Manufacturing in a World of Stress
July 3, 2015 | MAPI FoundationEstimated reading time: 1 minute
The Institute for Supply Management (ISM) reported that their widely-followed Purchasing Managers’ Index (PMI), a short-term leading indicator of U.S. manufacturing growth, increased by 0.7 percentage points from May to a level of 53.5 percent in June. Generally speaking, such a reading is indicative of continued manufacturing output gains at a slightly accelerated pace. But amidst a myriad of global challenges and conflictingdata, the positive PMI reading needs to be placed in context. The new orders and production indices were generally flat, with the former increasing by 0.2 percentage points and the latter declining by 0.5 percentage points. By contrast, the component which tracks the backlog of orders fell by a disconcerting 6.5 percentage points from May to June. With a reading of 47 percent for June, the backlog index is now well into contraction territory, foreshadowing manufacturing weakness over the next few months.

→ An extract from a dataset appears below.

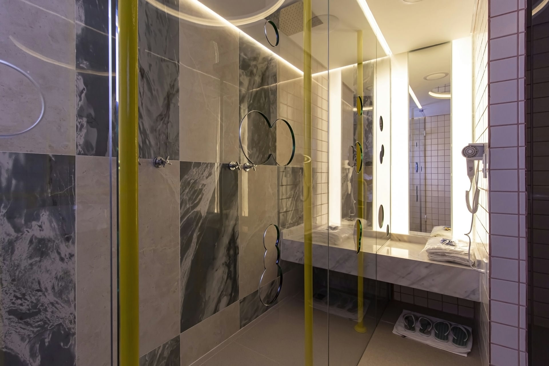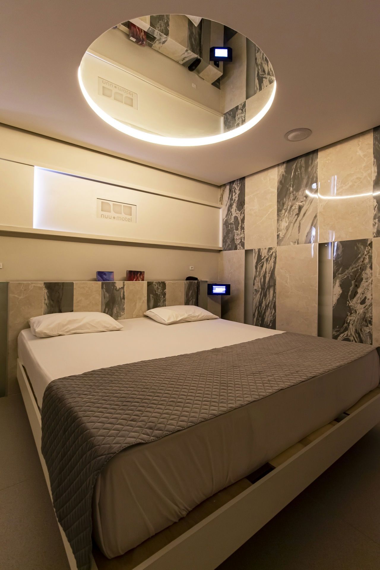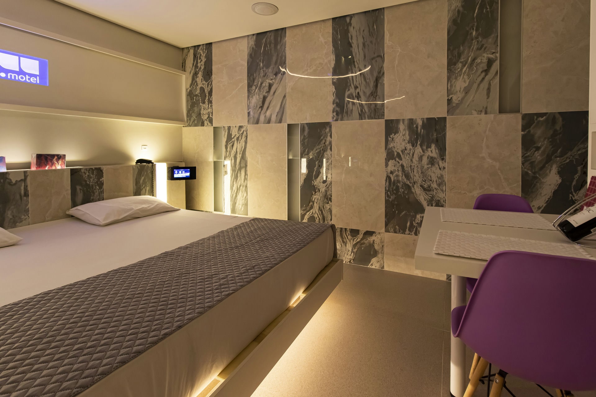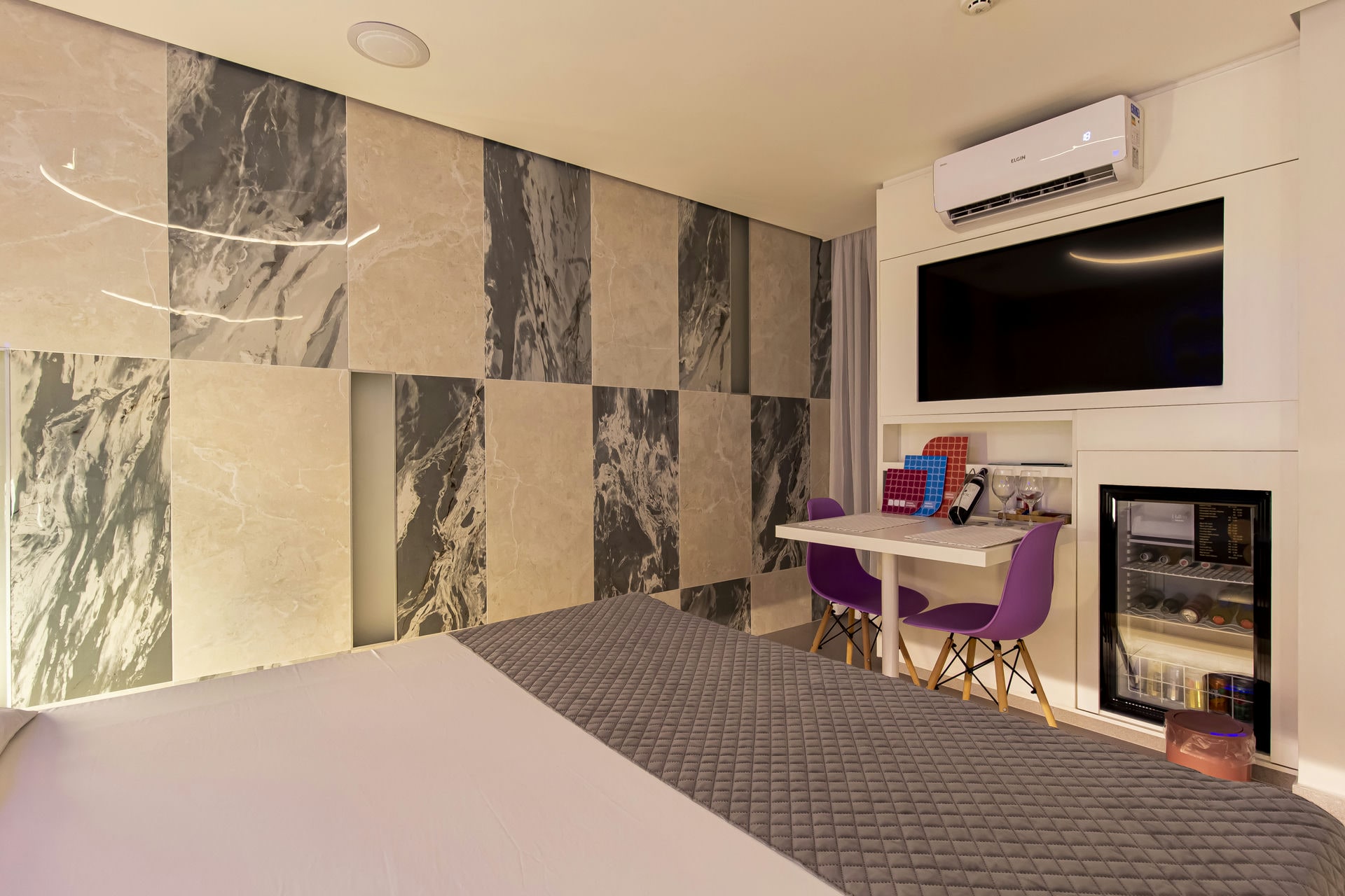 A suíte nuu.box tem esse nome não à toa: buscamos levar a sério a experiência dentro do chuveiro e possibilitar interações inusitadas. Se permitam descobrir os buracos junto dos seus corpos — aqui a gente quis subverter a ideia dos famosos “glory holes”, permitindo que outras partes dos corpos fossem colocadas em evidência: seios, nádegas, bocas, orelhas, pés. Um de frente para outro, separados por um vidro, um banco que sugere explorar ainda outras posições — tudo aqui serve de estímulo para vocês se aproveitarem.

The slide in the backlog of orders corroborates recent output data which show a contraction in factory sector output during the first quarter of 2015 and, given weakness in April and May, the distinct possibility of another contraction in the second quarter. The respondent comments to the June PMI survey, while mixed, are indicative of a world of challenge. One respondent revealed that business is holding in the U.S. but is soft in Europe and declining in Asia. A respondent from the machinery sector noted that sales are down from last year, a negative sign for manufacturing strength as a whole. Comments also suggest that the downturn in oil and gas markets is impacting demand in a number of industry sectors.
In recent days, financial stresses have gained increased visibility on the global scene, including debt-related chaos in the Eurozone and financial market concerns in China. They serve to reinforce the still precarious nature of the global recovery from the 2008-2009 recession. Global difficulties have weakened U.S. export demand and reinforced long-standing weakness in the growth of U.S. capital equipment expenditures. Both are critical sources of business for the U.S. factory sector, whose short-term performance prospects remain murky. Even moderate growth is at risk.